I have a keyboard that consists of two halves. Each half uses 16 pins. The pins in each half are aligned in a 8x8 matrix yielding 64 key presses that can be detected, and two times 64=128 keys in total. I can set a value on GPIO pin 8, and then read out the value on GPIO pin 9 to determine whether the key on the intersection of 8 and 9 is pressed. The values are identical if there is a connection between GPIO pin 8 and 9. A keypress realises such a connection.

Example Code

After using the following script to detect a connection between two GPIO pins (GPIO pin 8 and GPIO pin 9) on a Raspberry Pico:

from machine import Pin
import time

led = Pin(15, Pin.OUT)
output_line= Pin(8, Pin.OUT)
input_line = Pin(9, Pin.IN, Pin.PULL_DOWN)

while True:
    print("set high")


The pico however does not have 2 times 16 GPIO pins but 26 (25 excluding the led I think). Which means it does not have enough pins for two 8x8 matrices (which require two times 8+8=32 pins). So I am looking for another 7 pins that I can set values to, or read values/connections from on other pins, to get 32 pins on which the two keyboard matrices connections/keypresses can be detected.

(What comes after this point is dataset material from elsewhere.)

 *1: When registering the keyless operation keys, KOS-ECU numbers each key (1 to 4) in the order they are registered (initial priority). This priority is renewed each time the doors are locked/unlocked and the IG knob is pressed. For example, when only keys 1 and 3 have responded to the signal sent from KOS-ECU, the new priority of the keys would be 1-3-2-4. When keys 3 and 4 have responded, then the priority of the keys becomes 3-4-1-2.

Solution Attempts: Software

So I tried setting the value of pin 25 and reading out the value of pin 26, however, that disconnects the Pico when I try to find that connection, for example when I connect GPIO27_A1 to AGND.

Solution Attempt: Software Example

An example I had in mind was: I assume the 3V3 sets some value/voltage, e.g. 3 Volts. I assumed that if I connect the 3V3 pin to a GPIO pin 10, and read out the value of 10, it would be False if it is not connected to 3V3, and True if it is connected to 3V3. If those assumptions are valid, that would grant me another row/pin from which I can read off key presses.

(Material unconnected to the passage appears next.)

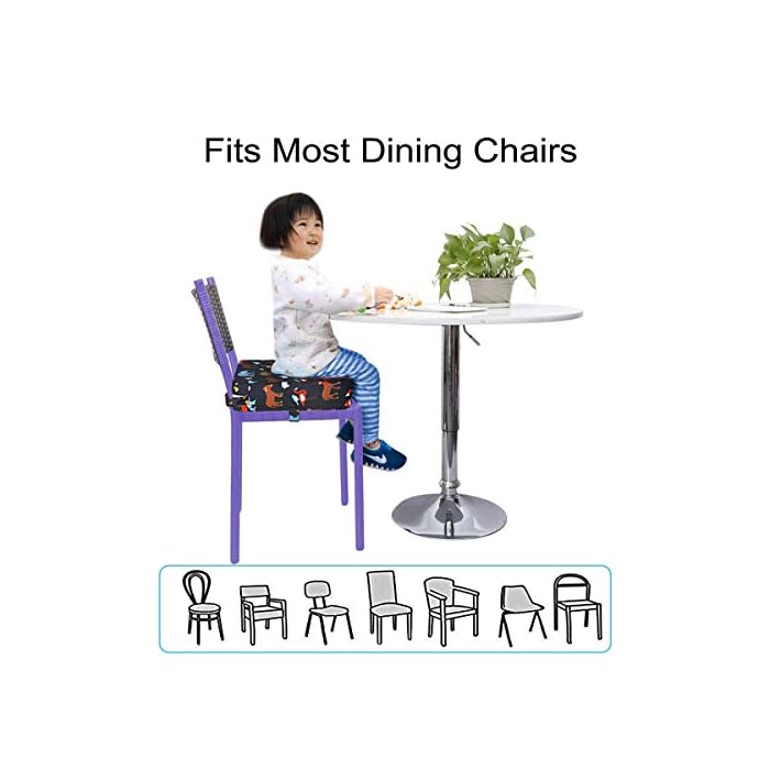 Dimensions: 12.6″L x 3.1″H x 12.6″W, fit most of dining chairs. It can be used for toddler children old who can sit unaided at a table to enjoy the meal with family together. Also can used for children writing, drawing and play toys.

Solution Strategy: Hardware

So I could either buy cables that allow me to connect two jumper cables to a single pin, and then send those pulses/values to the left and right half of the keyboard, (multiplying the signals of the first 8 GPIO pins by two), and using another 16 pins to read out the values.

However, I was having some difficulty in finding single female to double female jumper cables, and thought it would be more elegant to not buy extra material if I can squeeze the functionality out of the board itself.


Hence, I would like to ask: Is it possible to also determine connections*/(logic levels) between non-GPIO pins (and GPIO pins) in some way?

*This assumes that I am aware that there is just a single wire going from one pin to another, meaning, if the values/voltages on two pins is identical (and manually set on 1 of the two), I assume there is a connection.

  • 1
    I think you have a got a bit lost explaining your method for solving some problem. What is the problem? What are you trying to actually achieve?
    – joan
    Jan 13 at 10:36
  • Thank you, I included the XY problem at the top to provide the context.
    – a.t.
    Jan 13 at 10:57
  • You have asked variants of this question before. You have already been told it is NOT POSSIBLE to detect connections between pins. GPIO can detect logic levels (a few Pico pins can detect analog, but this is a red herring). Again you have been told key scanning is a common technique - you should find hundreds of examples. Basically you scan 8 pins in turn and detect on another 8. No one is going to write your code for you. The Pico has 26 × multi-function GPIO pins - more than enough.
    – Milliways
    Jan 13 at 11:06
  • Thank you for indicating I did not convey my question clearly. Though similar, this question is different from the others. 1st I asked how to detect connections between GPIO pins, then I asked if its safe to connect arbtrary pins in arbitrary setups. This question is on whether non-GPIO pins can also be used to detect connections. It is not asking for code, it asks for insight.
    – a.t.
    Jan 13 at 11:23
  • Ah, the way to go is using a 'matrix': raspberrypi.stackexchange.com/questions/104066/…
    – tlfong01
    Jan 13 at 11:29

While ever you continue to think about connections rather than INPUTS, OUTPUTS & logic levels you are going to have difficulty. Magic thinking e.g. non-GPIO pins (whatever they may be) won't help. Connections are a derived concept from data.

You need to stop thinking like a marketer and start thinking like an engineer.

It now appears that you have an (unreferenced) keyboard with 2 8*8 matrices.

To an engineer this suggests you need 8 OUTPUTS & 16 INPUTS.

If I were doing this in MicroPython I would create 16 Pin.irq handlers for the inputs and poll each of the 8 outputs with a suitable delay.